Türkiye'nin Doğu Akdeniz'deki egemenlik haklarını her ne pahasına olursun olsun koruyacağını açıklaması ve bu açıklamalarını Yavuz, Fatih, Barbaros gibi sondaj ve araştırma gemilerini bölgeye göndererek kararlılığını göstermesi yeni bir süreç başlattı.
Bölgede kendi başına bir şey yapamayan ve ABD, İsrail, İtalya, Mısır gibi ülkelerle yaptığı ortaklıklar üzerinden Türkiye'yi sıkıştırmaya çalışan Yunanistan, son dönemlerde tansiyonu daha da yükselten açıklamalar yapıyor. Yunanistan Başbakanı Çipras'ın "Yunan Ordusu hazır bir şekilde bekliyor" açıklaması, gözleri bir kez daha bölgeye çevirdi.

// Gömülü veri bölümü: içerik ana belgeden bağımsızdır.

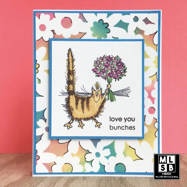I finished this card by stamping my Penny Black cat and coloring it. I did add a little stickles to the bouquet. I didn’t add any embellishments or anything because I think the colorful background was enough.

Savunma Politikası Analisti Turan Oğuz ile Yunanistan'ın bu tutumumun 'ne kadar gerçekçi?' olduğu ve Türkiye'nin 'tek bir askerini dahi riske etmeden' atabileceği muhtemel adımları konuştuk.
Adalara topçu roketi, Atina'ya SOM ve BORA
Yunanistan'ın herhangi bir Türk unsurunu vurması halinde Türkiye'nin de aynı şekilde mütekabiliyet göstereceğini vurgulayan Oğuz, atılabilecek 'cezalandırma' adımlarından da bahsetti.
Oğuz, bu tür 'ceza' adımlarının taktik üstünlük anlamına geleceği, kesinlikle kalıcı stratejik üstünlük sağlamayacağına veya tek başına savaşı kazanmak için yeterli olmayacağına dikkati çekerek, teorik adımları şöyle anlattı:
- 1- İlk olarak kendi sınırlarımızın içinden azami 120 km menzilli topçu roket ve füzelerini kullanabiliriz. Bunlar, yakındaki adalarda yer alan Yunan askeri çıkarlarına zarar verir. Bu adalarda kullandıkları askeri üsler ve havaalanları en basit topçu roket ve füzelerimizin menzili içinde.
- 2-Yine, atış zarfına bağlı olmak üzere, azami 100-110 km menzile sahip, savaş uçaklarından atılabilen kanatlı güdüm kitlerimiz (KGK) mevcut.
- 3-Eğer Türkiye daha uzun bir menzilde müdahale etmek isterse o zaman 150 km menzilli J600T-Yıldırım karadan karaya füzelerimiz devreye girer. Bu balistik füzelerimizle yine menzili içindeki adaları vurma kabiliyetimiz var.
- 4- Daha da uzun menzilli müdahaleler için kendi hava sahamızda uçan uçaklarımızdan SOM seyir füzelerimizi kullanabiliriz ki onların menzili 280 km'nin üzerinde.
- 5- Sıcak temasa girmeden atabileceğimiz adımlar bunlarla da sınırlı değil. Pençe Harekatı'nda rüşdünü ispatlayan Bora balistik füzeleri var. Bora'nın menzili de azami 280 km civarı. Yani istersek bu mobil sistem ile teorik olarak Yunanistan'ın başkenti Atina dahi vuruş alanımızın içine girmiş oluyor. Böyle bir hamle de Türkiye'nin olası seçeneklerinden biri.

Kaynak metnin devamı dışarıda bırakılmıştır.